Income of Partners and Owners of Pass-through Entities (Part I of II)

This is a two-part article where the author discusses the methodology for assessing the lost earning capacity of a self-employed person. This, basically, is the same as that for a traditional wage and salary worker. Even though the methodology is the same, assessing the data for the self-employed is different. The loss calculations are not just based on W-2’s or payroll stubs as may be used for traditional wage and salary employees. Data from differing Internal Revenue Service forms used for reporting business income must be reviewed. In addition, there are nuances when assessing a person who is self-employed that must be considered. This article provides an overview for analyzing the lost earning capacity of the self-employed and discusses why this category of work provides unique assessment situations.

self-employedThe methodology for assessing the lost earning capacity of a self-employed person is, basically, the same as that for a traditional wage and salary worker. In an injury case, the expert examines data to determine lost past and future annual earnings through the injured person’s projected worklife, assumes a growth factor, considers fringe benefits, and if required, adjusts for income taxes. Any projected earnings loss is then offset by the mitigating income the injured person is assumed to be able to achieve and the remaining future losses are discounted to present value.1

Even though the methodology is the same, assessing the data for the self-employed is different. The loss calculations are not just based on W-2’s or payroll stubs as may be used for traditional wage and salary employees. Data from differing Internal Revenue Service forms used for reporting business income must be reviewed. This data provides a basis for proving the self-employed’s earning capacity.
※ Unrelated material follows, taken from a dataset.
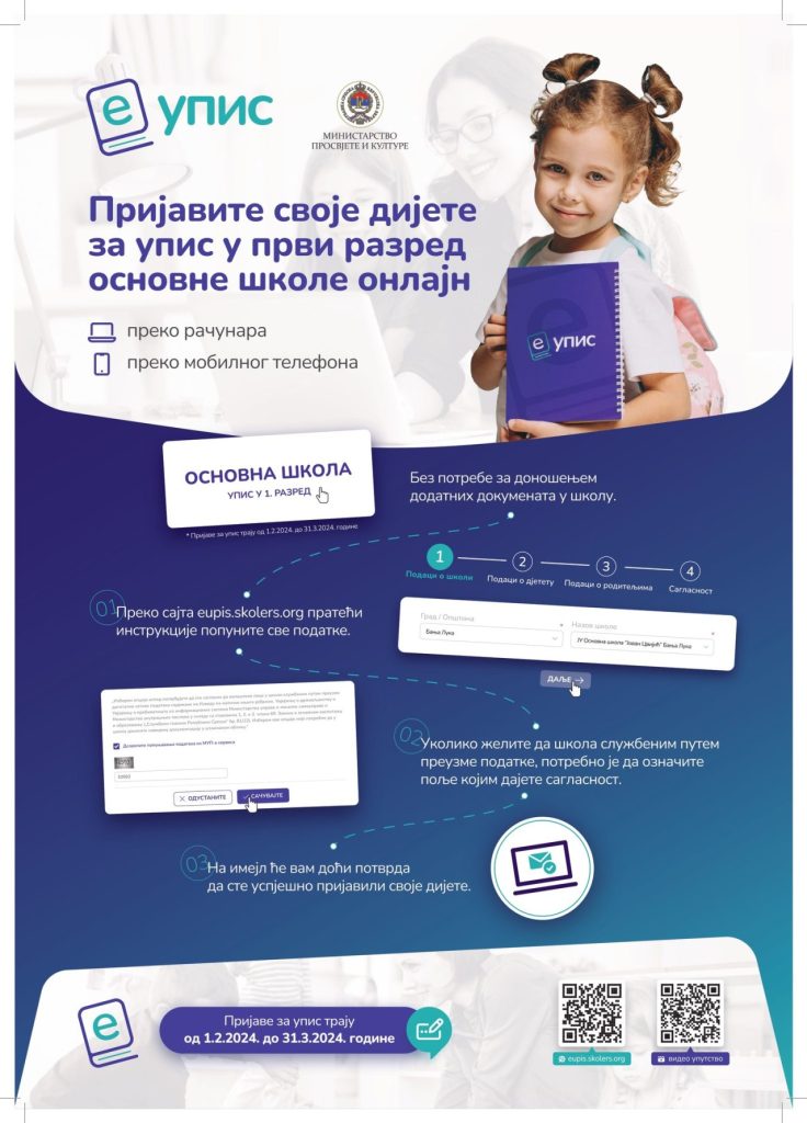 Министарство просвјете и културе Републике Српске омогућило je од 1. фебруара 2025. године електронску пријаву дјеце за упис у први разред основне школе за наредну школску годину путем еУпис платформе, која доприноси једноставнијем и бржем процесу уписа ученика у школу.

In addition, there are nuances when assessing a person who is self-employed that must be considered. This article provides an overview for analyzing the lost earning capacity of the self-employed and discusses why this category of work provides unique assessment situations.

Self-Employed
The Internal Revenue Service says to be considered self-employed:

  1. You carry on a trade or business as a sole proprietor or an independent contractor,
  2. You are a member of a partnership that carries on a trade or business, and
  3. You are otherwise in business for yourself including a part-time business.2

A more general definition for self-employed is:

“Self-employed is a situation in which an individual works for himself or herself instead of working for an employer that pays a salary or wage. A self-employed individual earns their income through conducting profitable operations from a trade or business that they operate directly.”3

Assessing the lost earning capacity of an injured self-employed person brings an expert to the point where personal damages and commercial damages touch. For most self-employed individuals, the profits of their business are their earnings. When the self-employed is injured, often the revenue and profits of the business decrease. In turn, this means the reported earnings of the self-employed decrease.

The decline in profits may be for only a short period of time or permanent. This is because the injury to the owner may cause the business to be damaged for a short (or long) period of time, or destroyed. Because the source of earnings is from the business, it is important for any expert calculating the lost earning capacity of a self-employed person to keep in mind the claim is for personal damages. The claim is not for lost profits due to an injury to the business. Although, in reality, both a lost earning capacity and lost profits claim would use much of the same data, the emphasis and wording must remain on lost earning capacity.

Income/Expenses
Self-employed individuals range from those who “own their job” to those who own and operate businesses with numerous employees. They range in professions from painters and electricians to attorneys and physicians. Depending on the type of work and size of business, the self-employed may report income on a variety of IRS forms.

Perhaps the most commonly used form for reporting self-employed income is Schedule C (Profit and Loss from Business). This form is attached to the form 1040 income tax return filed by the taxpayer. Schedule C shows the revenue generated by the business expenses deducted and the net income for the business. The self-employed worker pays personal income taxes on any profits generated.

In addition, the self-employed also files a Schedule SE that calculates the self-employment tax due on this income. The self-employment tax is paid to Social Security and Medicare. Because the self-employed person is not only employee but also employer, the self-employment tax calculates the payment of both the employee and employer portions of FICA.4

The IRS definition of self-employed includes participation in a partnership. If the self-employed person participates in a partnership, he or she will receive a K-1 that is tied to the revenue, expenses, and profits (losses) reported on a form 1065, partnership income return. This partnership may be for a limited partnership, limited liability company, or limited liability partnership. A K-1 will provide the amount of non-passive income earned by the self-employed along with the level of ownership he or she has in the partnership. The non-passive income will be reported on the Schedule E attached to the self-employed person’s form 1040. In addition, a Schedule SE should also have been filed with the form 1040 showing the self-employment taxes paid on this K-1 income.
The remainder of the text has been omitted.